Но миссис Пейтон, восхищенная Сюзи, не обратила никакого внимания на эти маленькие проступки, – она пичкала ребенка кушаньями, сама забывая о еде и отрываясь лишь, чтобы откинуть локоны, падавшие на личико Сюзи. Мистер Пейтон смотрел на нее серьезно и ласково. Вдруг взгляды мужа и жены встретились.
– Ей сейчас было бы почти столько же, Джон, – сказала миссис Пейтон едва слышно.
Джон Пейтон молча кивнул и отвел глаза куда-то в темную даль. Человек по имени Гарри тоже рассеянно смотрел в свою тарелку, словно творя молитву. Кларенс подумал: кому же это «ей» и почему две слезинки упали с ресниц миссис Пейтон в чашку с молоком – и испугался, как бы Сюзи не вздумала поднять шум.

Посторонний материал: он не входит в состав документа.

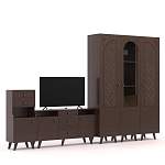 Стенка Мария 2 BMS имеет практичную модульную конструкцию и выполнена в элегантном классическом стиле. Оригинальная композиция включает в себя две тумбы – широкую под аппаратуру и высокую узкую с распашным отделением, выдвижными ящиками и нишей, распашной шкаф с зеркалом и два бельевых пенала. Фасады в темном древесном оттенке венге декорированы фрезерованным рисунком ромбами. Купить стенку Мария 2 BMS для небольшой гостиной вы всегда сможете в нашем интернет-магазине.

Только потом он узнал, что у Пейтонов умер их единственный ребенок, а Сюзи преспокойно, ни о чем не подозревая, выпила молоко, в котором материнское горе смешалось с нежностью.
– Наверное, завтра же утром мы нагоним их караван, если только они сами не отыщут нас еще сегодня, – сказала миссис Пейтон, глубоко вздохнув, и с сожалением поглядела на Сюзи. – Может быть, мы проедем хоть часть пути вместе, – добавила она робко.
Гарри засмеялся, а мистер Пейтон сказал серьезно:
– Боюсь, что мы не поедем с ними, даже просто за компанию. И, кроме того, – продолжал он еще более серьезно, понизив голос, – довольно странно, что люди, которых они отрядили на поиски, еще не нашли нас, хотя я велел Питу и Хэнку выехать им навстречу.
– Это просто бессердечно, и больше ничего! – внезапно возмутилась миссис Пейтон. – Ладно еще, был бы только мальчик, который сам может о себе позаботиться. Но бросить на произвол судьбы такую крошку – просто стыд и срам!
Впервые Кларенс изведал горечь пристрастного отношения. Это было тем горше, что он уже по-мальчишески боготворил чистую женщину с ясным лицом и добрым сердцем. Вероятно, мистер Пейтон это заметил и пришел к нему на выручку.
– А может быть, они лучше нас знают, в каких она надежных руках, – сказал он, ободряюще кивнув в сторону Кларенса. – К тому же, возможно, их, как и нас, обманули следы индейцев, и они могли свернуть в сторону.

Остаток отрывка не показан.